The road to a full economic and jobs recovery remains a long one, though. Unemployment in October 2007, when the stock market was last hitting such highs, was at 4.7 percent. Today, 12 million Americans are still out of work, with 40 percent of them, or 4.8 million, jobless for 27 weeks or more. Another 8 million workers are employed part-time because they can find full-time jobs, and 130,000 people dropped out of the labor force in February, dropping the labor force participation rate to 63.5 percent. The economy is still 3 million jobs short of where it was at the start of the Great Recession, and even if we maintained February’s impressive growth rate, the unemployment rate wouldn’t return to pre-recession levels until mid-2017.

There are reasons to worry, though, that the momentum apparent in the February jobs report won’t be sustained in coming months. Ask economists what could derail the economic improvements and they'll likely point first not to China or Europe but to Washington, D.C. and the sequestration budget cuts that took effect this month following the expiration of the payroll tax holiday at the beginning of the year. The full effects of those changes have yet to be seen. “The biggest risk is fiscal policy being too tight too quickly,” says Sweet of Moody’s Analytics.

The economy will be able to digest the fiscal cuts from Washington without tumbling into recession. Even so, says economist Ben Herzon of Macroeconomic Advisers, the economy is probably not strong enough to withstand those cuts and keep creating jobs at a pace that will lower the unemployment rate much over the full year. “Ideally, fiscal restraint the stabilizes the debt-to-GDP ratio and puts it on a downward track,” Herzon says, but “you would want that restraint ramping up in the context of an economy that could still create enough jobs to put the unemployment rate on a downward track.”

The Federal Reserve’s low interest rates and quantitative easing have helped offset those fiscal fears thus far. “Monetary policing is trumping fiscal policy in the economy and financial markets,” UBS economist Maury Harris noted in a report released early last week, before the jobs numbers reinforced the point. “The Fed’s current quantitative easing (QE) policy of buying $85 billion in Treasury and mortgage securities per month swamps the $85 billion sequester for the fiscal year 2013.”

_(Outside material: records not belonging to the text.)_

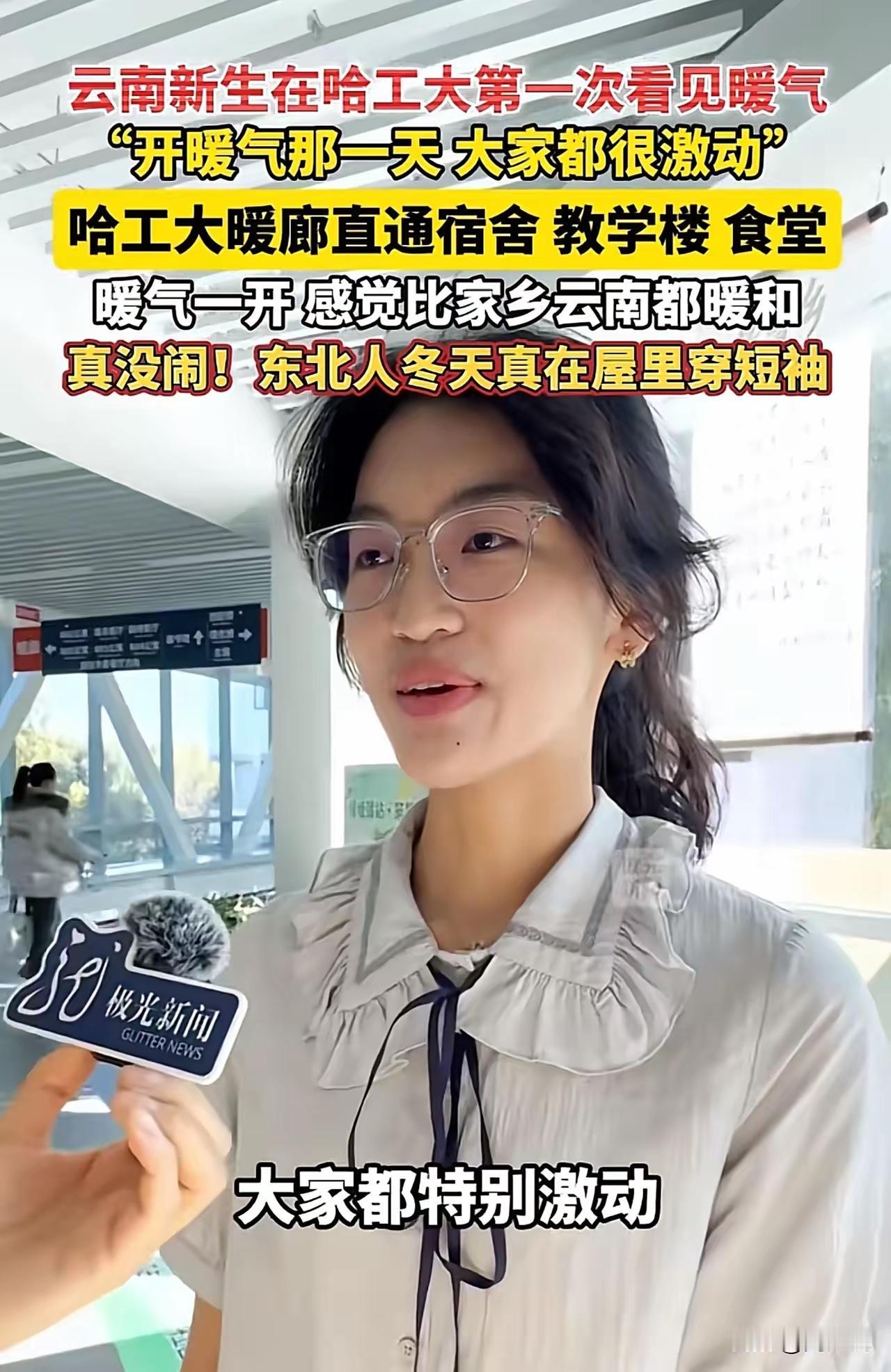 万万没想到哈工大以这种方式火了!近日,哈工大开启暖气第一天,有来自云南的学生对着媒体坦言:“开暖气第一天,大家都很激动,感觉比家乡云南都暖和!”作为过来人,有一说一,北方还真挺适合过冬,屋内有暖气,非常的暖和,睡觉也特别的舒服。 有网友表示:傻孩子,这是哈工大当然暖气很热了,因为他们有自己的供暖设施。普通民居里冬天往年屋里温度都不到20度,几个月的取暖费要几千块,结果温度只有十几度,我们最怕的就是过冬天。 作为一个南方人,个人认为冬天北方过冬好,房间里暖和,穿的少,盖的少。南方冬天里外一个样的冷,室内穿的多,睡觉盖的也多。 这是社会进步了,暖气确实暖和了。上世纪九十年代,多数东北的暖气供暖不足,或断供,冬天室内也就十几度,也要穿大衣。 对此大家怎么看呢
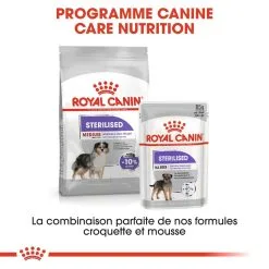 ROYAL CANIN® Sterilised Medium convient aux chiens adultes stĂ©rilisĂ©s de plus d’un an et pesant entre 11 et 25 kg.Â
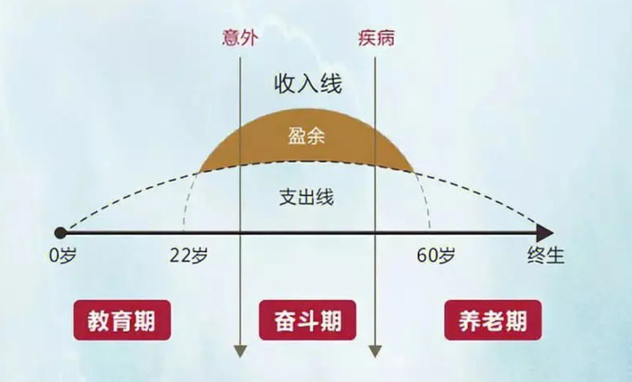 人生收支曲线给我们的启示是,我们需要把有限时间内挣的钱,通过科学的财务规划,合理、有效地分配至整个人生。此外,通过工作获取主动收入之余,也有必要通过投资理财获取被动收入,为“不赚钱只消费”的老年生活,提供更多的资金保障。
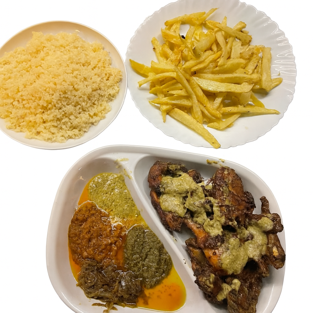 Découvrez notre plat délicieux de poulet grillé mayo épicé accompagné de frites croustillantes et d attieke

Economists still expect the drag from the budget cuts and tax increases will be felt before long, though. “We’re going to see likely layoffs among defense manufacturers because of the sequester,” says Sweet. “The furloughed government workers will still show up in the employment numbers, but they’re going to take a pay hit and that’s going to weigh on consumer spending and have a spillover effect on the broader economy.” That means the economy appears likely to repeat its seasonal patterns of the last two years, with a strong winter followed by weakness in spring and summer and then signs of growth to end the year.

“If the sequester lasts for the whole year, we think it will take around 400,000 off the job count by year-end, a significant impact but not enough to derail the private sector recovery,” Nigel Gault, chief U.S. economist at IHS Global Insight, wrote Friday. In all, economists anticipate the sequester to trim 0.6 percentage points from GDP growth this year, with the effects felt most strongly in the second and third quarters. That loss, combined with a similar or higher amount resulting from the tax increases, could pare about 1.5 percentage points of growth from the economy this year. If not for those two major sources of fiscal drag, GDP growth would be above 3 percent this year, economists project.

Instead, the newly imposed fiscal tightening means that the jobs reports in coming months may not be able to match the strength seen in February. Without the sequester, Sweet says, job gains of around 200,000 a month should be sustainable – and that sustained pace over a full year is needed to make a bigger dent in the unemployment rate.